KLE Technological University, formerly known as B. V. Bhoomaraddi College of Engineering and Technology (BVBCET), colloquially the BVB College, is a private university in Hubli-Dharwad, Karnataka, India. It was upgraded to a university under the KLE Technological University Act, 2012. The school was founded by the KLE Society, Belgaum, in 1947.

History 

KLE Technological University (formerly BVBCET) was established by the Karnatak Lingayat Education Society (KLE Society) in 1947. It owes its original name to the businessman-philanthropist Shri Basappa Veerappa Bhoomaraddi. It began as a polytechnic in Gadag but shifted to Hubli in 1948 and upgraded itself to a college. Until 1972, it offered only diploma and undergraduate degree programs. Later, it offered 12 undergraduate programs and eight postgraduate programs besides research programs in seven disciplines. It was affiliated to the Visvesvaraya Technological University, Belagavi and its undergraduate programs were accredited by the National Board of Accreditation (NBA) of the All India Council for Technical Education.

Current annual student intake for Undergraduate & Post Graduate programmes is in excess of 1200.

Academics
The university offers 8 undergraduate programs, 7 postgraduate programs and research programs in seven disciplines.

Undergraduate programs 
 School of Mechanical Engineering
 School of Civil Engineering
 School of Computer Science and Engineering - SoCSE
 School of Electronics & Communication Engineering - SoECE

Incubation Centres

Centre for Technology Innovation and Entrepreneurship - CTIE 
Centre for Technology Innovation and Entrepreneurship - CTIE, at BVB Campus, KLE Technological University, was established in 2012 and has been providing space, mentorship, technical support and access to labs for tech start-ups through the incubation model.

CTIE works closely with the Centre for Innovation and Product Development (CIPD) as a feeder of commercializable technology ideas. CIPD has a vision to promote product development competency in engineering students.
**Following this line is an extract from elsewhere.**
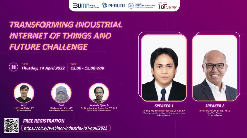 Aktivitas webinar Transforming Industrial Internet of Things and Future Challenge merupakan webinar mengenai peranan IoT di bidang industri, yang mana secara tidak langsung akan membentuk bagaimana peradaban kedepannya. Dengan bapak Dr. Eng. Murman Dwi Prasetio., S.T., M.BA., dan Toto Suhatro,. Dipl. Ing., M.Sc. Pasti menarik sekali ayo bergabung bersama kami!

It ensures multi disciplinary approach to connect to students from various engineering and business streams to work together.

VLSI/ ESDM Incubation Centre 
Hubballi got a unique facility when the VLSI/ ESDM incubation centre to promote startups in this sector was opened at the KLE Tech Park at KLE Technological University (KLETU) on July 17, 2018.

Karnataka Biotechnology & Information Technology Services (KBITS), Indian Electronics & Semiconductors Association (IESA) and KLETU have come together to develop this facility to support entrepreneurs in the emerging sector of VLSI/ ESDM (Very Large Scale Integration/ Electronics System Design and Manufacturing). IT-BT, Science & Technology and Large & Medium Industries Minister K J George inaugurated the centre on July 17, 2018. IT-BT Department Principal Secretary Gaurav Gupta, IESA Working President Anilkumar M, KLETU Vice Chancellor Ashok Shettar, Deshpande Foundation founder Gururaj Deshpande, Deshpande Foundation CEO Vivek Pawar, KLE Society director Shankaranna Munavalli and others were present.

Industry linkages 

 Sankalp Semiconductor has a branch office within the university premises and works with the Electronics and Communications Department.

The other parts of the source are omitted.